Ruptured basilar tip aneurysm

Case contributed by Yaïr Glick
Diagnosis certain

Presentation

Acute severe headache.

Patient Data

Age: 45 years

Non-contrast CT head

  • extensive bilateral subarachnoid hemorrhage - perimesencephalic; in all the basal cisterns; in the narrowed third ventricle, Sylvian aqueduct, and fourth ventricle; in the premedullary cistern; in the Sylvian cisterns and fissures; in the interhemispheric fissure; and bifrontal

  • the temporal horns of the lateral ventricles are dilated - early sign of hydrocephalus

  • the cerebral and cerebellar sulci are effaced - suggestive of brain edema

CT angiogram

  • pedunculated aneurysm with a "nipple" at the basilar tip measuring 3 mm in diameter and 5.5 mm in length, deviating to the left P1

  • the intracranial arteries appear slightly narrowed, perhaps due to cerebral edema

  • the neck arteries are patent

mri

3-month follow-up MRI:

  • MRA: filling defect between basilar tip and left PCA, representing the embolization coils in the aneurysm

  • no evidence of new aneurysm

  • SWI: blood degradation products on the tentorial leaflets and in the basal cisterns, as well as small amount mainly in the biparietal sulci and bifrontal sulci around the vertex

  • two tiny foci of susceptibility artifact in the right cerebellar hemisphere and one in the left hemisphere

  • above the tentorium: several nonspecific abnormal white matter foci on the right, single one on the left - probably representing microangiopathy

  • no abnormal port-contrast enhancement

Case Discussion

An otherwise healthy woman complained of a severe headache that started that same morning.
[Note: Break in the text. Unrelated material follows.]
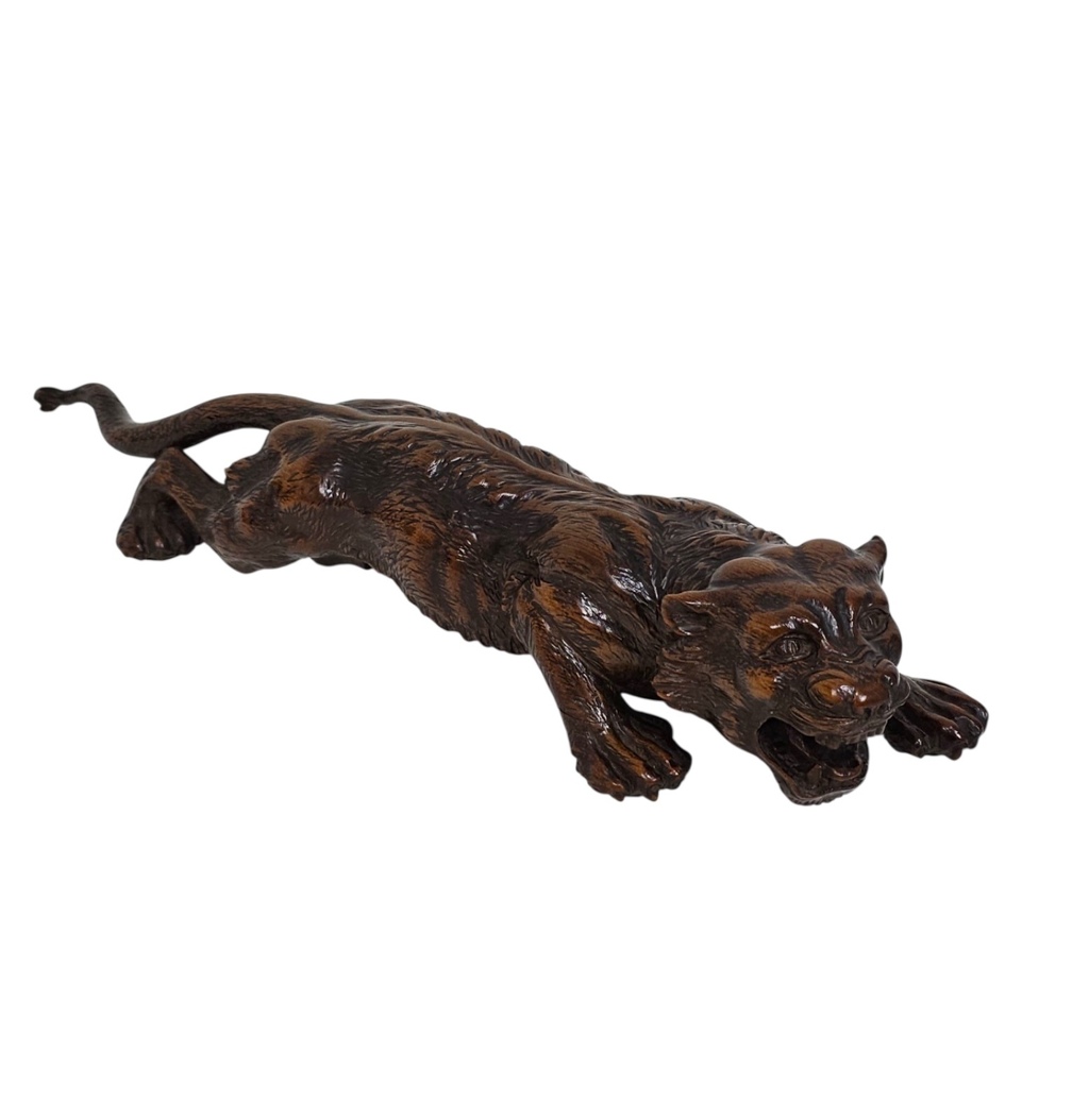 Escultura de madeira minuciosamente entalhadada representando pantera em posição de ataque. Medidas 12 x 62 x 16 cm.

Blood pressure taken at the ED was 210 mmHg systolic. She was sent for a CT head-CTA neck and head arteries, for fear that a subarachnoid hemorrhage was the cause of her headache.

CT head showed extensive subarachnoid bleeding, as well as signs of brain edema and mild hydrocephalus, while the CTA revealed a small basilar tip aneurysm.

The aneurysm was successfully coiled, and the patient recovered promptly and uneventfully.

An MRI head done 3 months later showed only subtle hemosiderin deposits on SWI.